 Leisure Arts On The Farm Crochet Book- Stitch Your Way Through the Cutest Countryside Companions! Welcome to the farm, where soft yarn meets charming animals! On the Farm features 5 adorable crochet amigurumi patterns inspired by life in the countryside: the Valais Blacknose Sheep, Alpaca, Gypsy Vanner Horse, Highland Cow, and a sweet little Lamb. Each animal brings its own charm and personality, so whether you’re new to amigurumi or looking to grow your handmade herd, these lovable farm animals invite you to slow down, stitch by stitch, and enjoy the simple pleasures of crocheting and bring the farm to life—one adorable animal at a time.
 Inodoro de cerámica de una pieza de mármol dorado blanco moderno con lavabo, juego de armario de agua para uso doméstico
--
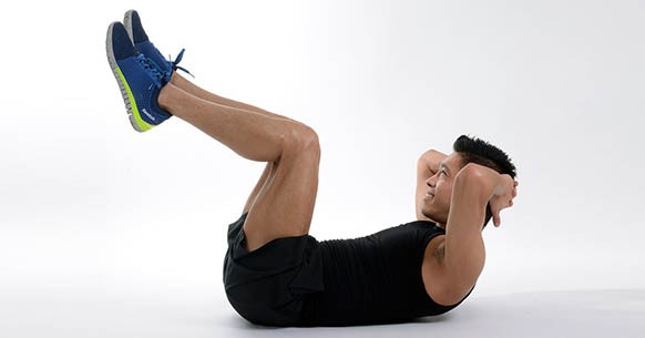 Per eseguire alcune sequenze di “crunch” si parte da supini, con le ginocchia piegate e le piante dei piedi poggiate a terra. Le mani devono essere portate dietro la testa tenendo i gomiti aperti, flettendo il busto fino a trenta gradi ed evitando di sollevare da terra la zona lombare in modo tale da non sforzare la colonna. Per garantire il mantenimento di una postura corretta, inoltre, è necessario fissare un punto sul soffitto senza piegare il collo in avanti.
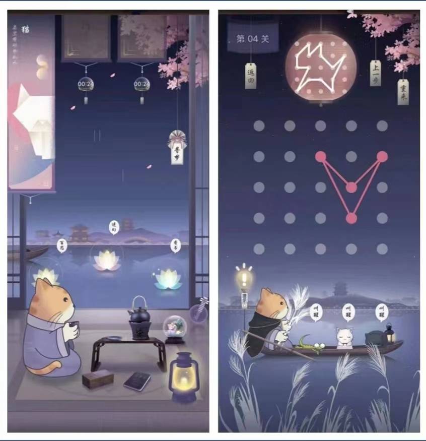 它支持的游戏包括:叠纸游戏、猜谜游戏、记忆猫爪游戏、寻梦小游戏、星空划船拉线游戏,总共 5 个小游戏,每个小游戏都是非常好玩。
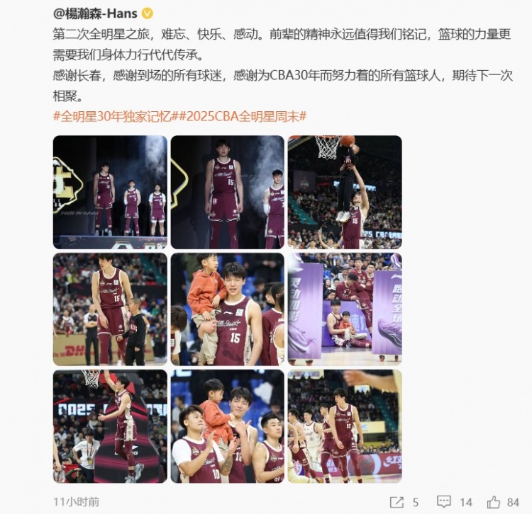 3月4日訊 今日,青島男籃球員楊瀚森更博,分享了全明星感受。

THE TASK: Everything above from the line that has "它支持的游戏包括:叠纸游戏、猜谜游戏、记忆猫爪游戏、寻梦小游戏、星空划船拉线游戏,总共 5 个小游戏,每个小游戏都是非常好玩。" down to the line that has "3月4日訊 今日,青島男籃球員楊瀚森更博,分享了全明星感受。" should be output exactly, with both of those lines included. Leave the pictures behind.

SOLVED PROBLEM:
 它支持的游戏包括:叠纸游戏、猜谜游戏、记忆猫爪游戏、寻梦小游戏、星空划船拉线游戏,总共 5 个小游戏,每个小游戏都是非常好玩。
 3月4日訊 今日,青島男籃球員楊瀚森更博,分享了全明星感受。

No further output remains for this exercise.